Die Stahlarbeiter an Rhein und Ruhr, im Saarland und in der Oberpfalz, in Osnabrück und in Bremen griffen zur Selbsthilfe. Die Bergarbeiter schlossen sich an. In anderen Industriezweigen gärt es. Was niemand in der streikarmen Bundesrepublik für möglich gehalten hatte, war eingetreten: Zehntausende von Arbeitern, in der Mehrzahl auch die Angestellten, traten in den Ausstand. Ausgelöst durch innerbetriebliche Lohnprobleme in einem Konzern, der Hoesch-AG (in Dortmund, d.Vf.), sprang der Funke über und wurde zum Flächenbrand im Land der Sozialpartnerschaft.
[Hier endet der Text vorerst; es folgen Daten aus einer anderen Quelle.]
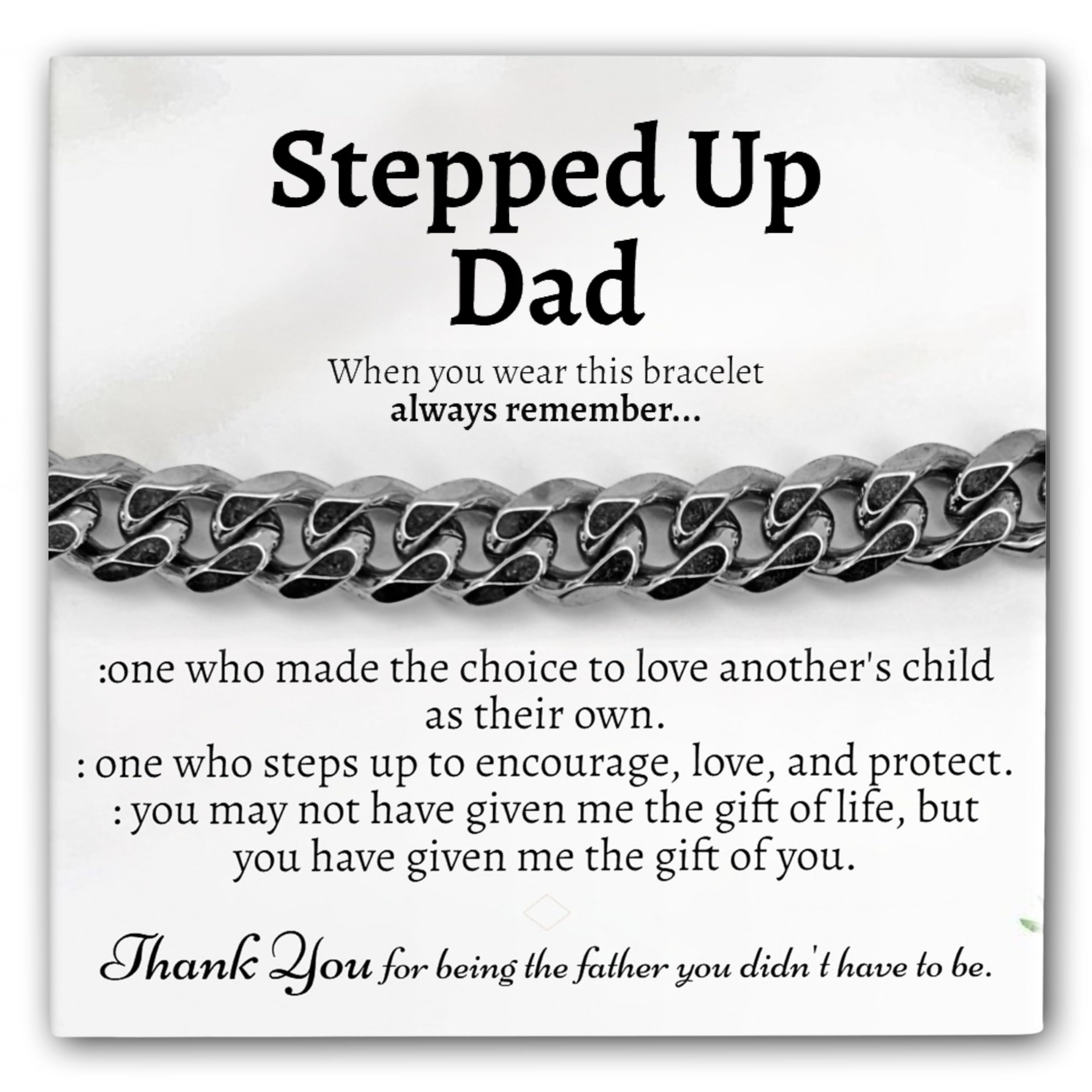 Stepped Up Dad Gift: Symbol of Strength & Choice: This Cuban chain represents the unbreakable strength of a man who chose to step up — not by obligation, but out of love. A perfect tribute to a stepped-up dad, bonus dad, or father figure. Heartwarming Message Card: Reads: "Stepped Up Dad - When you wear this bracelet always remember who you are to me. - One who made the choice to love another's child as their own. One who steps up to encourage, love, and protect. You may not have given me the gift of life, but you have given me the gift of you. Thank you for being the father you didn't have to be." Built for Daily Wear: Made of 316L surgical stainless steel — waterproof, hypoallergenic, rust-resistant, and safe for sensitive skin. Designed to last as long as your gratitude. Gift-Ready Presentation: Arrives in a premium gift box with a heartfelt message card — perfect for Father’s Day, birthdays, Christmas, or just because. Perfect step dad gifts from daughter, a heartfelt message card, luxury packaging - this gift set has it all, and it will let him know that your bond will forever be strong just like the intertwined links of this steel bracelet; best step dad gifts, bonus dad gifts, bonus dad gifts from daughter, stepfather gifts, gifts for stepdad birthday, gift ideas for step dad Comfortable Fit Guaranteed: 8" length plus 1" extender ensures a perfect fit for most wrist sizes — strong clasp keeps it secure through every moment of life. To the Man Who Stepped Up – Not the one who had to, but the one who chose to. This 5mm Cuban Link Bracelet isn’t just a gift — it’s a heartfelt thank you for the man who chose to show up. Whether you’re gifting this from a loving wife, a grateful girlfriend, or a child who now calls him “Dad,” this bracelet honors the man who didn’t need a title to be a father. Crafted from premium 316L surgical stainless steel, this bracelet is built as solid as the man receiving it. It’s hypoallergenic, waterproof, sweatproof, and tarnish-resistant, perfect for daily wear. Whether he’s working with his hands, chasing kids around the house, or out on date night — this bracelet stays as strong as he does. The 5mm thickness offers a bold, masculine look without being too flashy, and the 8" length + 1" extender ensures it fits comfortably and securely on most wrists. It’s a timeless style, made for a timeless kind of man — the one who shows up, gives his all, and loves like no one else. Each bracelet comes in a luxury gift box paired with a sentimental message card that says what words alone sometimes can’t: “You didn’t have to be here. But you are. And that means everything.” Whether for Father’s Day, his birthday, Christmas, or just to show your appreciation, this bracelet is a meaningful way to say, “You’re seen. You’re loved. You matter.” For the man who chose to stay, chose to love, and chose to lead — this is for him.

Die Gewerkschaften waren überrascht und hilflos. Gebunden an die selbstverschuldet überlangen Tarifverträge, die die Ruhe vor den Bundestagswahlen (BTW - vgl. 28.9.1969, d.Vf.) bewahren sollten, nutzten ihnen auch ihre behutsamen Mahnungen an die Stahlindustriellen wenig.

Sicherlich waren die Streiks nicht von einem genau artikulierten politischen Willen zur Veränderung getragen. Die Zahl politisch bewußter Kader ist wohl noch zu klein, um mehr als eine Verstärkerfunktion ausüben zu können. Wo der Versuch unternommen wurde, den Streik umzufunktionieren und über unmittelbare materielle Forderungen hinauszutreiben, stieß er auf Ablehnung bei der großen Masse der Arbeiter. Die jahrelange von oben verordnete und konsequent betriebene Entpolitisierung machte sich bemerkbar. Dennoch: der Streik brachte ein Unbehagen ans Tageslicht, das tiefer als die bloßen Geldforderungen reicht. Die an den Galgen gehängte Puppe - Hoesch Generaldirektor Harders - deutet ebenso daraufhin wie der hartnäckige Widerstand gegen die Einmischung durch die Gewerkschaften in der Bremer Klöckner-Hütte.

Die Arbeiter und Angestellten haben ihre Gewerkschaft und die Konzernherren an den Verhandlungstisch gezwungen. Aber sie haben mehr erreicht als 11% Lohn- und Gehaltserhöhung. Sie haben an Selbstbewußtsein gewonnen und ihre eigene Kraft gespürt. 'Alle Räder stehen still, wenn der Arbeiter es will' stand auf vielen Plakaten. Die Gewerkschaften sollten daraus umgehend ihre Lehren ziehen. Sie können nicht Disziplinierungsorgane der Lohnabhängigen im Sinne eines zweifelhaften Gemeinwohls sein, sie müssen sich vielmehr als unabhängige und selbstbewußte Interessenvertretung der Arbeiter und Angestellten begreifen. Nur so können sie wieder den Boden unter die Füße bekommen, der ihnen wegzurutschen droht."

Mit den Streiks befaßt sich auch noch Jens Huhn, der u.a. von Hoesch Dortmund (IGM-Bereich - vgl. 2.9.1969) berichtet.